MATERIAL SHOWN:
# # # # #
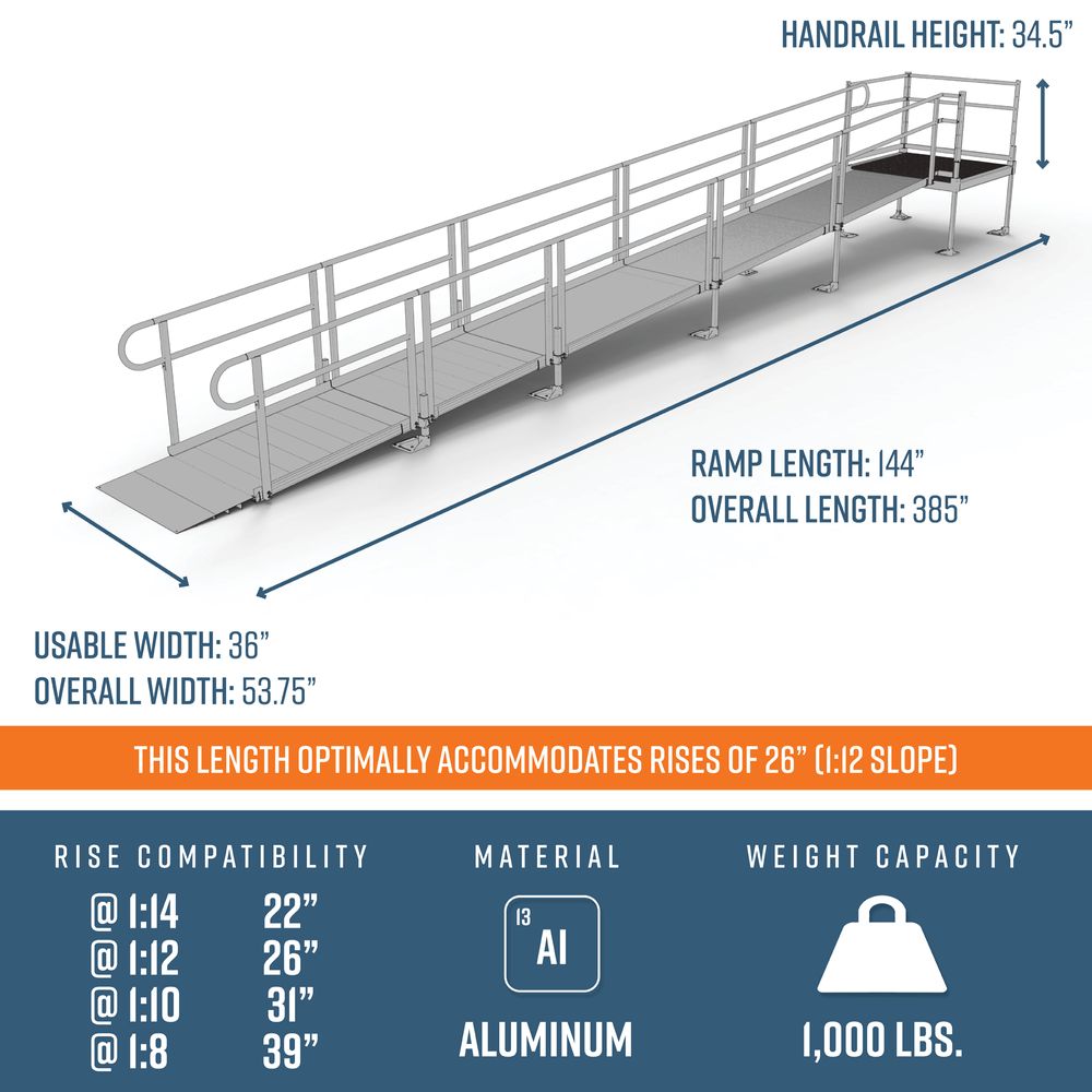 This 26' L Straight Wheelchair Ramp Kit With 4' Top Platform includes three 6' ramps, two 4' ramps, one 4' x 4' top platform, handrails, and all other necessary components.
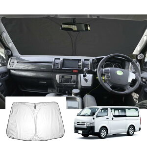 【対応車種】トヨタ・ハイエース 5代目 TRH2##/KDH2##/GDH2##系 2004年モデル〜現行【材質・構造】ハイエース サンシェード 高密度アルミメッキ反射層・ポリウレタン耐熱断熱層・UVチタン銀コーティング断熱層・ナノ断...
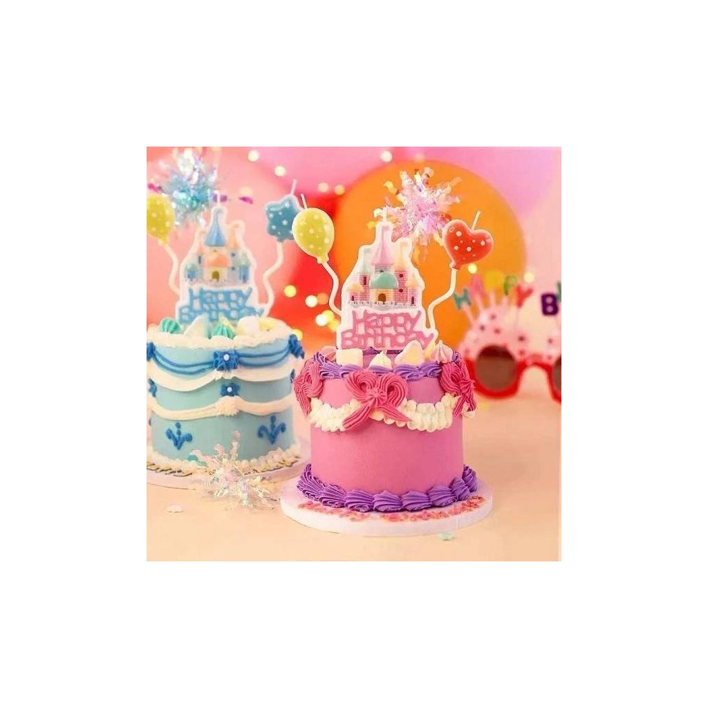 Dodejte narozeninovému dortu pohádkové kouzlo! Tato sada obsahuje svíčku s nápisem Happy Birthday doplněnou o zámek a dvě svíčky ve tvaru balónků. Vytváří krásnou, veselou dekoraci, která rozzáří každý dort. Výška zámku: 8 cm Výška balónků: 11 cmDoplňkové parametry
# # # # #
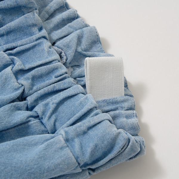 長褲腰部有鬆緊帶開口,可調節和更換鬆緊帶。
# # # # #
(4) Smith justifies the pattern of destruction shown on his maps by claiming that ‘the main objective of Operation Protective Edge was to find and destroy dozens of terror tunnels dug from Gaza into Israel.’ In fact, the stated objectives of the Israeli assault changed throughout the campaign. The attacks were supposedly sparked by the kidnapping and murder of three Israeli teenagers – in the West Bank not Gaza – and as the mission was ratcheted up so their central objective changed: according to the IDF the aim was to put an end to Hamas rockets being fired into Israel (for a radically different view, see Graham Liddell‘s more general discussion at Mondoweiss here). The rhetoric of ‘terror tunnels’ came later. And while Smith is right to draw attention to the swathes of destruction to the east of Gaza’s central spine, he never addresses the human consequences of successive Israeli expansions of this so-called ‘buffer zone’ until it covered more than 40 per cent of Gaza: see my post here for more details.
# # # # #
ASSIGNMENT: Print from the line containing "This 26' L Straight" through the line containing "5代目 TRH2##/KDH2##/GDH2##系 2004年モデル〜現行【材質・構造】ハイエース" in the data above, exactly as the lines stand, and omit every picture.

YOUR SOLUTION:
 This 26' L Straight Wheelchair Ramp Kit With 4' Top Platform includes three 6' ramps, two 4' ramps, one 4' x 4' top platform, handrails, and all other necessary components.
 【対応車種】トヨタ・ハイエース 5代目 TRH2##/KDH2##/GDH2##系 2004年モデル〜現行【材質・構造】ハイエース サンシェード 高密度アルミメッキ反射層・ポリウレタン耐熱断熱層・UVチタン銀コーティング断熱層・ナノ断...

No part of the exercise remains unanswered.